• **EXERCISE OBJECTIVE**:
Could you print the stretch of lines below from the one with "설명하고 있다.(사진제공=중랑구청) |" through the one with "潍坊市华东橡胶:10月1日起", exactly as they stand and without any pictures?

• **THE RECORDS**:
• • •
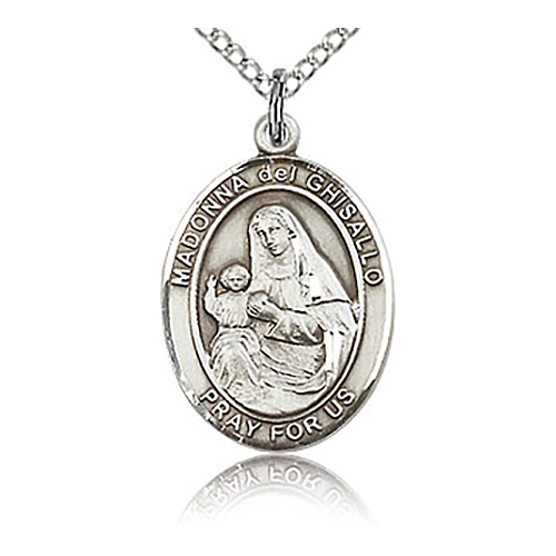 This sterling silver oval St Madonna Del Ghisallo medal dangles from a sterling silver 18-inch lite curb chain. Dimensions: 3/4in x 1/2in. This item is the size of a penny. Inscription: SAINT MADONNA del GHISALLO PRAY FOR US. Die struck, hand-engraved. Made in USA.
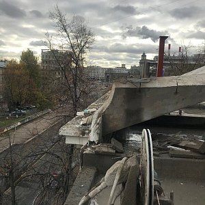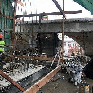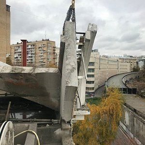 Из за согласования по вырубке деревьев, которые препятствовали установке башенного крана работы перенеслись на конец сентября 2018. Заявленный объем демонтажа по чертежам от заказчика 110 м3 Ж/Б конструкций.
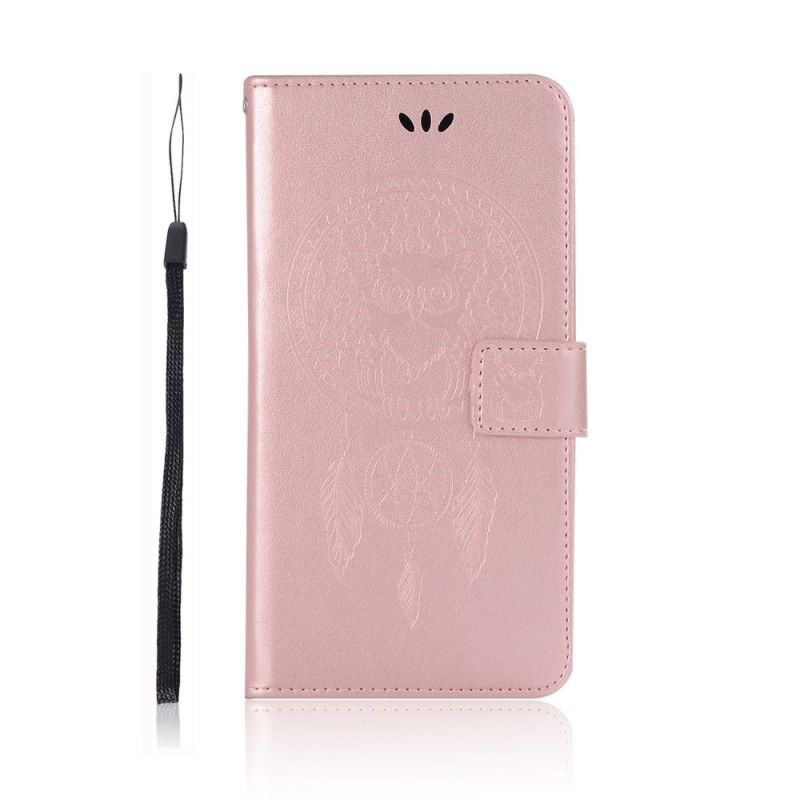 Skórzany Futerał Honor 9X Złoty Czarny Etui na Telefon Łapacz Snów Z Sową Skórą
• • •
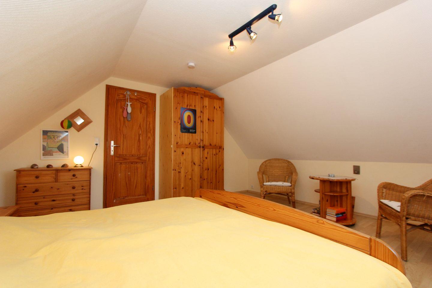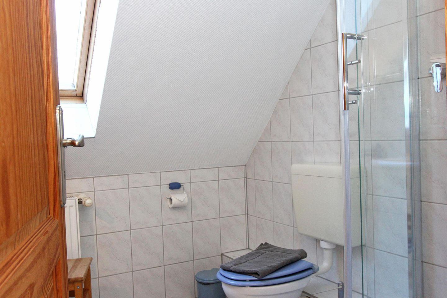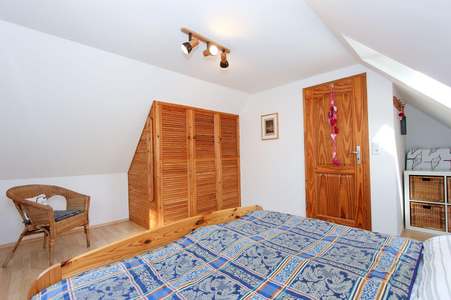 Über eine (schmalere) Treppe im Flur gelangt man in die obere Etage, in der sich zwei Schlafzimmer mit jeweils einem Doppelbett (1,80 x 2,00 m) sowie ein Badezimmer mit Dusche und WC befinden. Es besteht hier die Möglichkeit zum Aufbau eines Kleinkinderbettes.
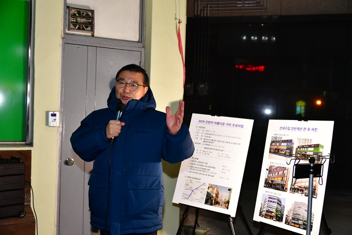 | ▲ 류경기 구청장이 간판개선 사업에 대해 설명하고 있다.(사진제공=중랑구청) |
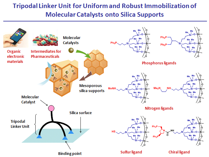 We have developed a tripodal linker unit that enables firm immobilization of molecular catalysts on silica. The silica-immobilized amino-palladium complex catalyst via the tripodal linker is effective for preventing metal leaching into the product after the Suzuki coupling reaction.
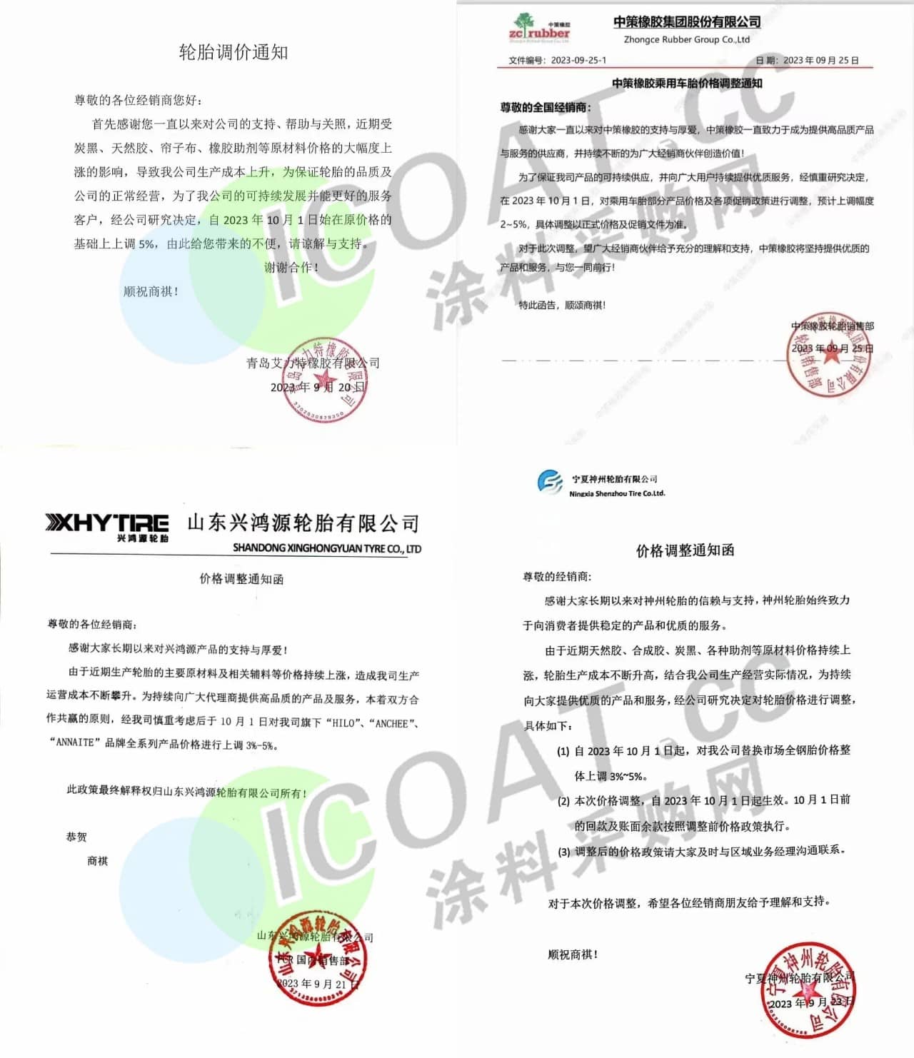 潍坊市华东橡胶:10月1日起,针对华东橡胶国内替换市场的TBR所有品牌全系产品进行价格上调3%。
• • •
• **ANSWER TO THIS PROBLEM**:
 | ▲ 류경기 구청장이 간판개선 사업에 대해 설명하고 있다.(사진제공=중랑구청) |
 We have developed a tripodal linker unit that enables firm immobilization of molecular catalysts on silica. The silica-immobilized amino-palladium complex catalyst via the tripodal linker is effective for preventing metal leaching into the product after the Suzuki coupling reaction.
 潍坊市华东橡胶:10月1日起,针对华东橡胶国内替换市场的TBR所有品牌全系产品进行价格上调3%。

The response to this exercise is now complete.